Before we were interrupted by afib, my EP said those unlucky enough to be in the 10% failure group are in it because the first ablation missed part of the faulty flutter pathway. My choices were: 1) increase my diltiazem dosage (which we did, but it didn't help), 2) try a more dangerous medication that required a hospital stay to start, or 3) repeat the ablation. Had afib not gotten in the way, I would have chosen #3 and repeated the flutter ablation. (I prefer to avoid medication, especially if I have to be on it long term because I wonder what my options are if it loses its effectiveness over time. By choosing the ablation, I have the option of adding medication again if it's needed in the future.)

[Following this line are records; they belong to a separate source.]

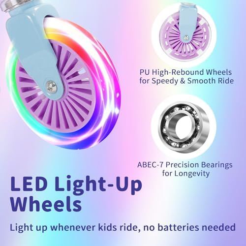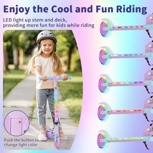 Ride for the Fun: With battery powered LED lights on the stem and deck that can be powered on or off, 5 color changing modes create lighting effects that look like the lights are jumping or cascading or chasing each other, making children\'s ride super fun and unique. The light-up folding scooter features LED flashing light up wheels, no batteries needed. Lights get brighter with the faster your kids go.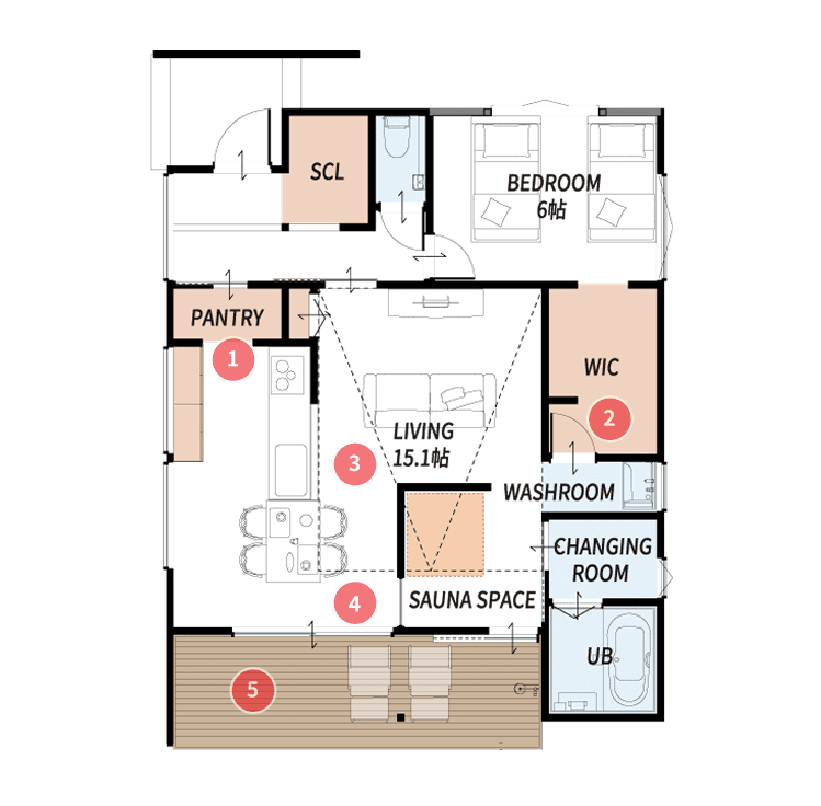 LDK を中心とした居住空間と、生活感のでやすい寝室から洗面へのプライバシー空間を分け、サウナ空間とみずまわりをワンセットに。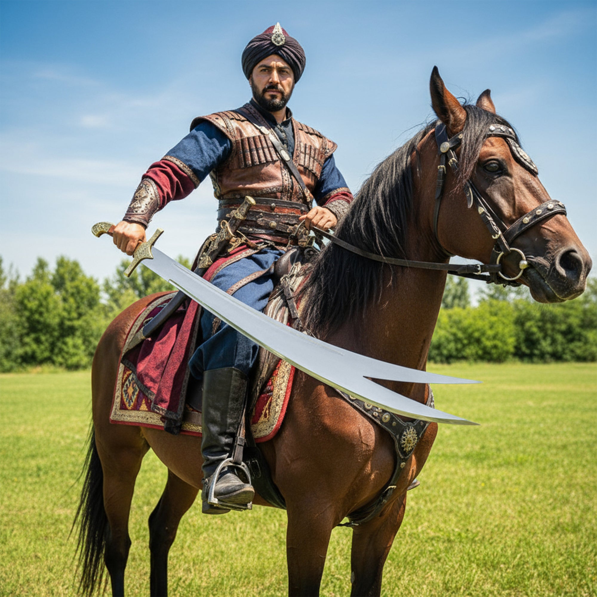 4034 paslanmaz Alman çeliğinden üretilmiş, ceviz sap ile tamamlanan bu 90 cm uzunluğundaki özel model, sağlamlığı ve estetik görünümüyle koleksiyon, dekoratif kullanım ve sahne gösterileri için idealdir. 72 cm çelik uzunluğu ve 3.5 mm kalınlığıyla hem güçlü hem dengeli bir yapıya sahiptir.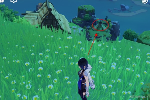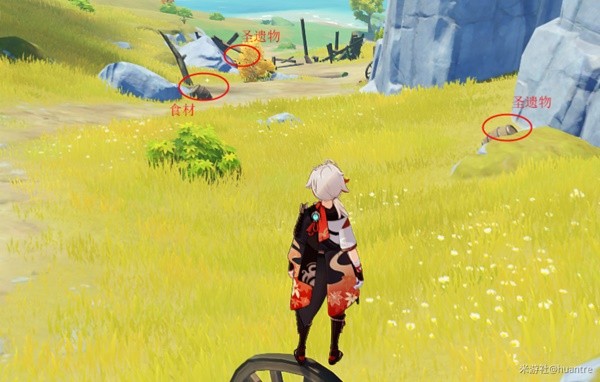 七天神像出来,往右偏后一点飞,有一个帐篷,右边的调查点是(圣遗物),左边的是(食材)。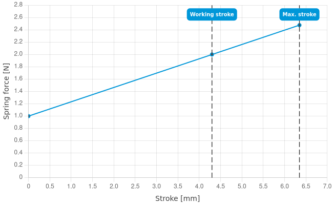 - Spring force at working stroke: 0.2 N [.719 ozf]
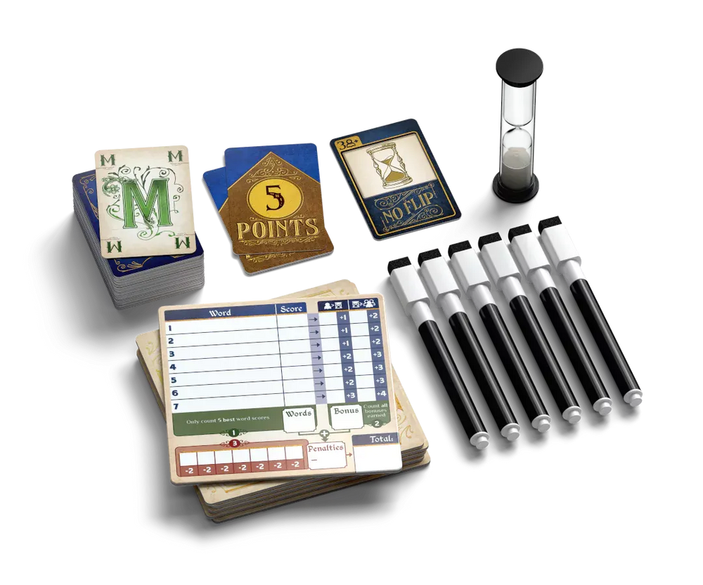 Every other player scores their word and checks for a bonus. Once they've all done this, the fastest player scores a bonus if their score is equal to or higher than half the other player's scores.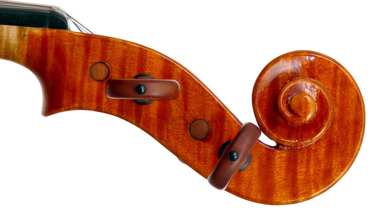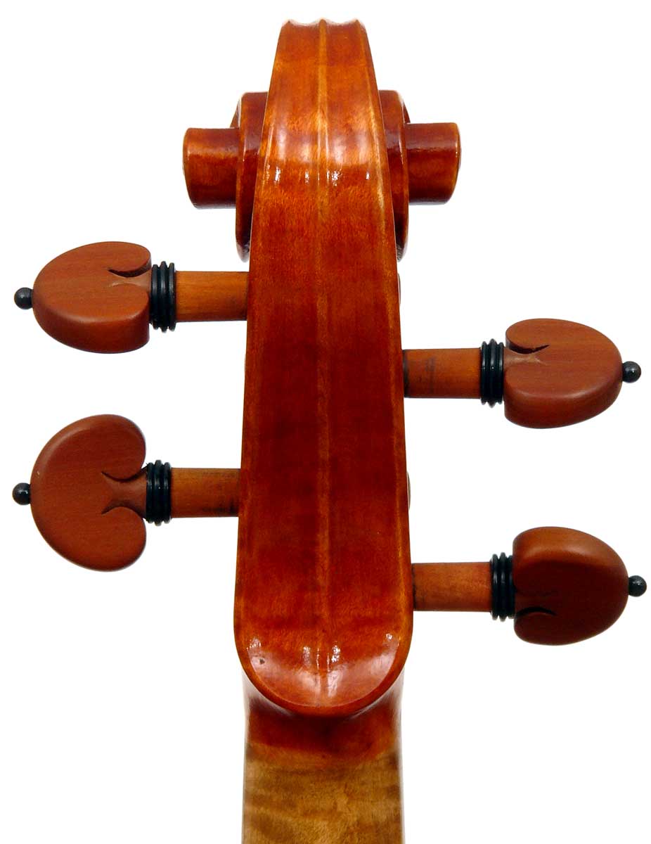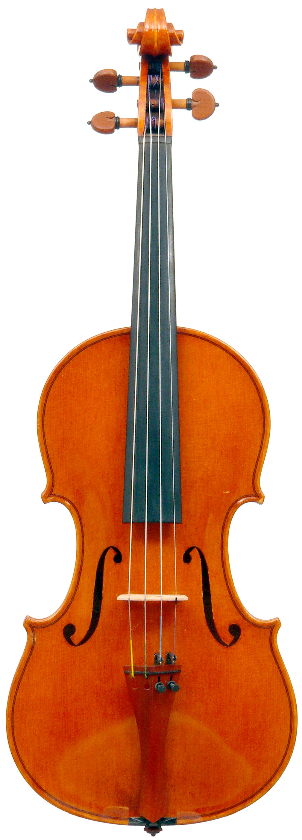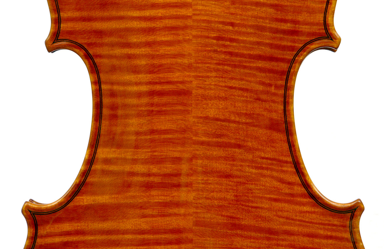 This violin has a particularly attractive back of richly flamed maple with a medium curl - the ribs, neck and scroll appear to be of the same well figured wood. Throughout the craftsmanship is refined and of a high order, particularly noticeable in the crisp tracing of purfling and tidy mitre work in the corners. It appears that it loosely follows the Guarneri model, at least as far as the f-holes are concerned.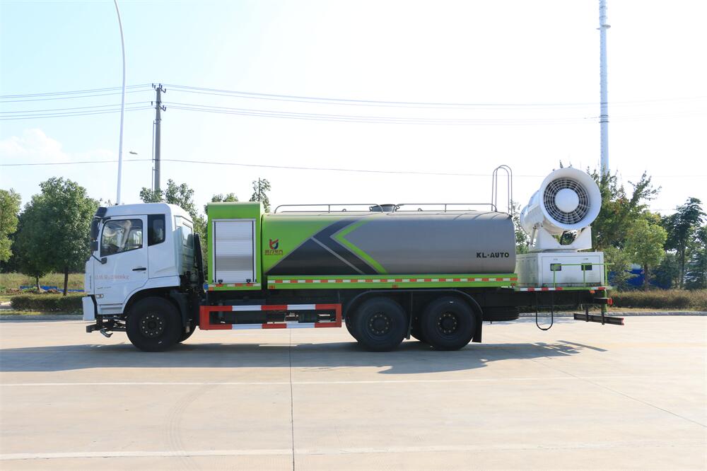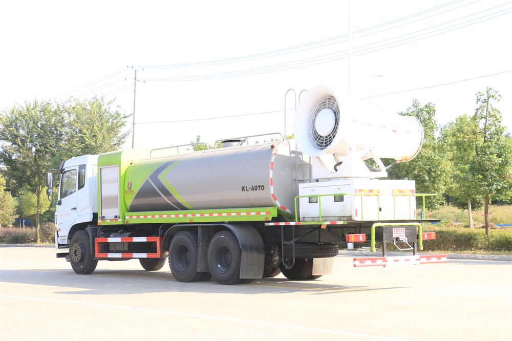 上裝配置:罐體容積為 16立方,選配風(fēng)送式霧炮機組射程30米、40米、50米、60米、80米、100米、120米霧炮,罐體鋼板為4mm碳鋼Q235材質(zhì),罐內(nèi)隔板具有防波作用,以減輕汽車行駛時罐體液體沖擊,罐體及整車外形尺寸按照公告。帶大功率專用灑水泵,泵可自吸自排,整車前沖、后灑、側(cè)噴、帶65消防接口,后平臺配CLW-50、CLW-60、CLW-80、CLW-100、CLW-120型風(fēng)送式霧炮機組;罐體前封頭配大功率柴油發(fā)電機組;前封頭帶水位計,后平臺主管路帶1寸澆花接口,后爬梯。帶兩根輸水管及陰陽端。罐體顏色:銀/灰/綠,罐體兩側(cè)噴“多功能抑塵車”字樣,貼反光標示。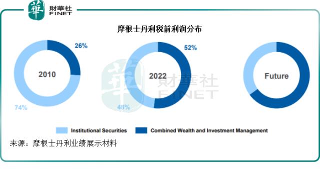 见下图,在2010年时,摩根士丹利更专注于机构证券(浅蓝色),财富和投资管理业务(深蓝色)的税前利润的占比只有26%;到2022年,财富和投资管理业务的税前利润占比已达到52%。从下图或可预见,未来大摩还会继续拓展财富和投资管理业务的利润占比,以进一步降低对机构证券业务的依赖。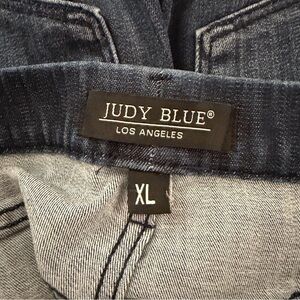 Size XL Judy Blue pull-on, elastic waist jean shorts with dolphin hem. Cotton/rayon/polyester/lycra.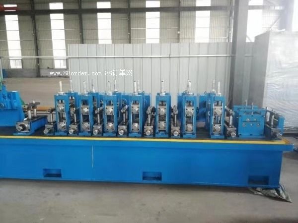 以带钢为原料,经开卷、成型、高频焊接、解决焊瘤、定径、校直、切断等一系列制管工序制造出圆钢管或各样式一行钢管的成套设备。采用辊式成型将带钢冷弯加工成圆坯,通过高频感应加热将焊缝挤压形成圆管,在经过定径加工生产出各样式标准规格的圆管、方矩形管。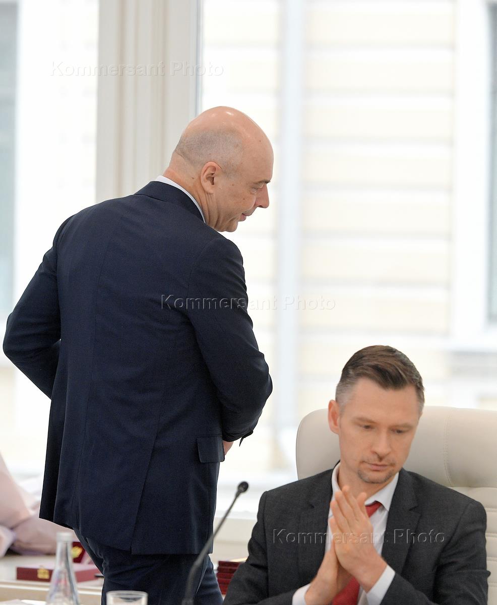 Расширенное заседание Коллегии Федерального казначейства. Руководитель Федерального агентства по управлению государственным имуществом (Росимущество) Вадим Яковенко (справа) и министр финансов России Антон Силуанов (слева) во время заседания.

Best news is that you're doing better Yes, it might require a re-do, but without going inside, can't say for certainty that the issue was "missed part of the faulty flutter pathway" or that the flutter is coming from elsewhere on the left side. Let's hope you don't have to find out. As to meds, Diltiazem never did anything to prevent my flutter episodes, really only useful to bring rate down. Flecainide, on the other hand, does prevent them for me.
I don't know if you are based in UK or US. IMHO, your flutter might come from the left side, most likely LAA or the coronary sinus and you would need another ep who is well versed in ablating left side aflutter. As you already knew Aflutter does not respond well with medication. If I were you I would not stick with the same ep. A good mapping by a good ep will let them know it if left side or right side. Best wishes.
I'm from the US. Yes, the two possibilities are that even though the CTI line was checked --twice-- it still may need re-doing. The other like you said-- and maybe more likely -- is that it's coming from the left atrial wall and/or LAA.
Unfortunately, here in the US, everything on the left side is done under General Anesthesia, which I am reluctant to do -- so unless I find an outlier ep, probably would take another crack at the right side if necessary -- or maybe visit your side of the Pond! I've only had one or two short flutter episodes while on daily Flecainde, but my goal is to be drug free
I have had 3 failed Atrial Flutter ablations. I finally had to have a total AV Node ablation to prevent my ventricular rate from staying above 120. My Aflutter came about when I had my mitral valve repaired (an annuloplasty done) apparently the impulse hit the scar tissue from the surgery and then would go into a loop and beat very fast.